Source information:

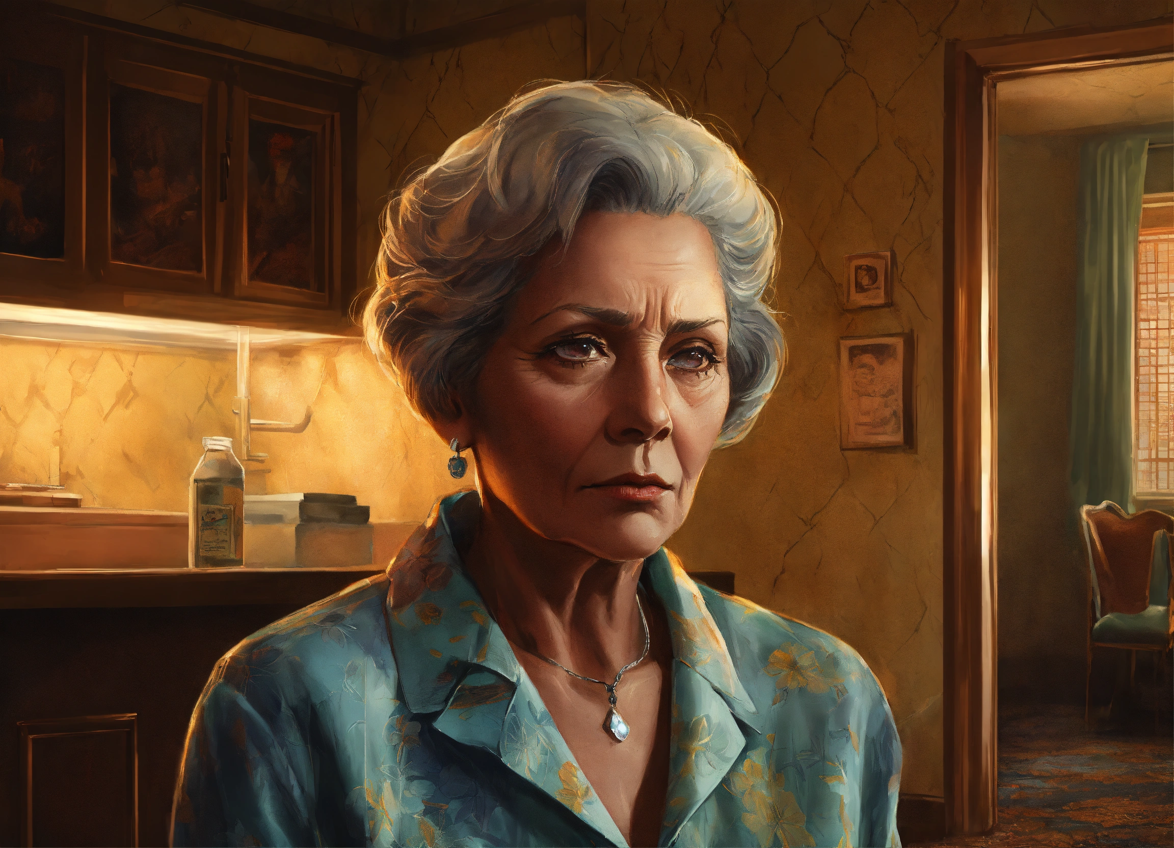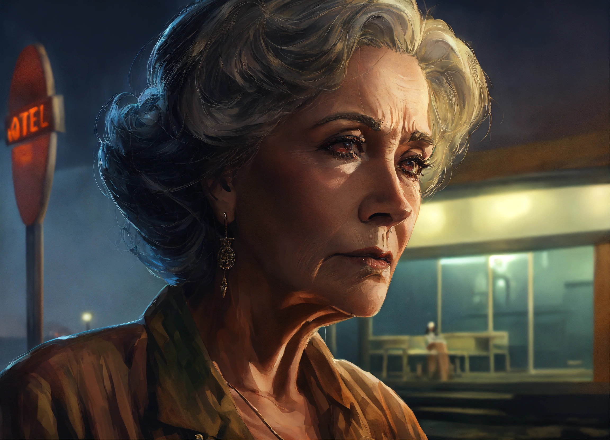Close up, highly detailed, defiant, dangerous, elder woman regenting a road motel on the gerency room after a counter, dark ambient, sorrow, sadness, concept art, design, digital painting, highly detailed, sharp focus, smooth, art by greg rutkowsky
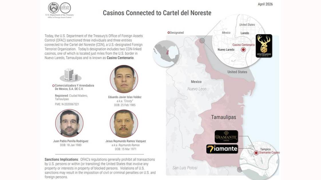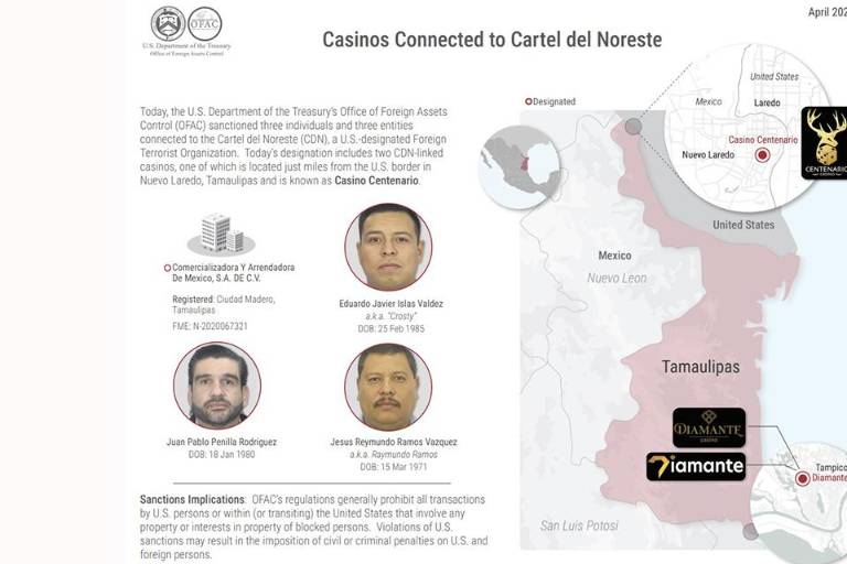 Las sanciones recaen sobre dos casinos, una empresa operadora y tres personas físicas que, según la dependencia federal estadounidense, desempeñan roles centrales en el control que el CDN ejerce sobre la plaza de Nuevo Laredo.
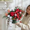 Wrapped in Christmas cheer, this vibrant arrangement gathers the seasons most joyful elements. Bold red roses and sprayed red gypso burst from lush cypress and delicate ming fern, while dried cotton blooms add soft, snowy whimsy. Playful gingerbread accents peek through the greens, paired with a cascade of matte, glitter, and candy-striped baubles in classic holiday reds and whites. Finished with a burlap snowman ribbon and presented in a striking round green box, it captures the sweetness, sparkle, and childlike wonder of Christmas, making it a perfect centerpiece to brighten every holiday moment. Product Dimensions: H - 20 inches x W - 24 inches
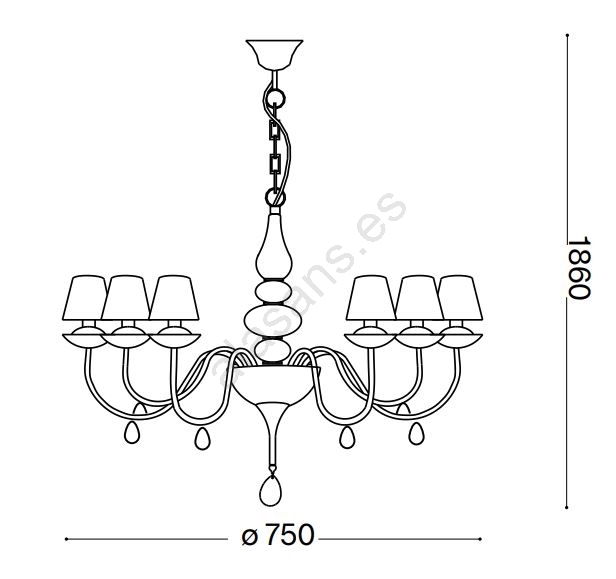 • Ideal Lux - Lámpara colgante con cadena BLANCHE 6xE14/40W/230V diá. 75 cm blanco
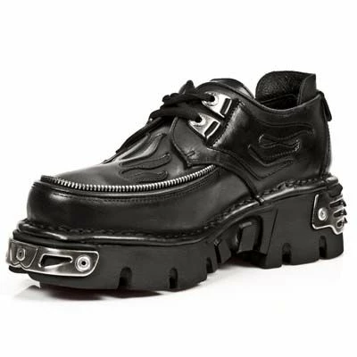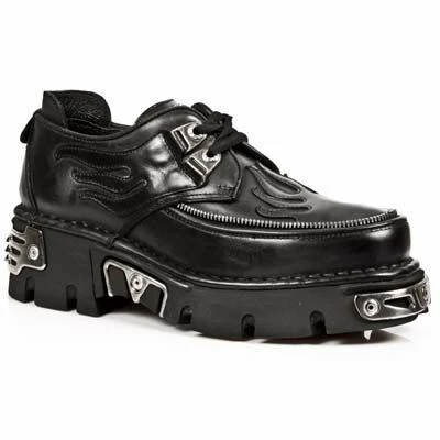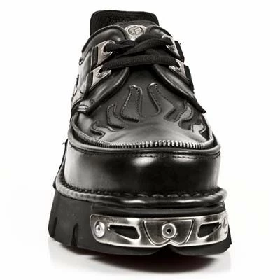 Belle paire de chaussures en cuir noir décorée de flammes ton sur ton, elle possÚdes les semelles reator avec des fers métalliques
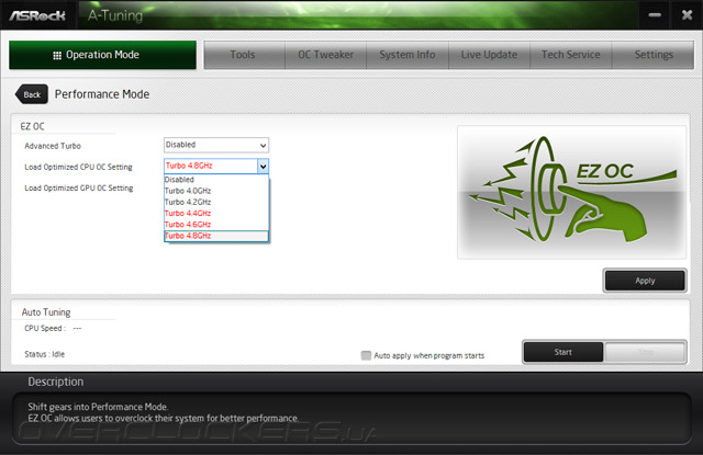 Нельзя не отметить готовые профили повышения быстродействия системы буквально в один клик. К слову, при установке дискретного видеоадаптера из UEFI пункт Advanced Turbo куда-то исчезает, но остаётся возможность его использования с привлечением фирменного ПО в среде Windows.

Problem requirements: Before answering, find the line with "Las sanciones recaen" in the records above; then reproduce exactly each line from the first through that line, leaving out pictures.

Result of the exercise:
Close up, highly detailed, defiant, dangerous, elder woman regenting a road motel on the gerency room after a counter, dark ambient, sorrow, sadness, concept art, design, digital painting, highly detailed, sharp focus, smooth, art by greg rutkowsky
 Las sanciones recaen sobre dos casinos, una empresa operadora y tres personas físicas que, según la dependencia federal estadounidense, desempeñan roles centrales en el control que el CDN ejerce sobre la plaza de Nuevo Laredo.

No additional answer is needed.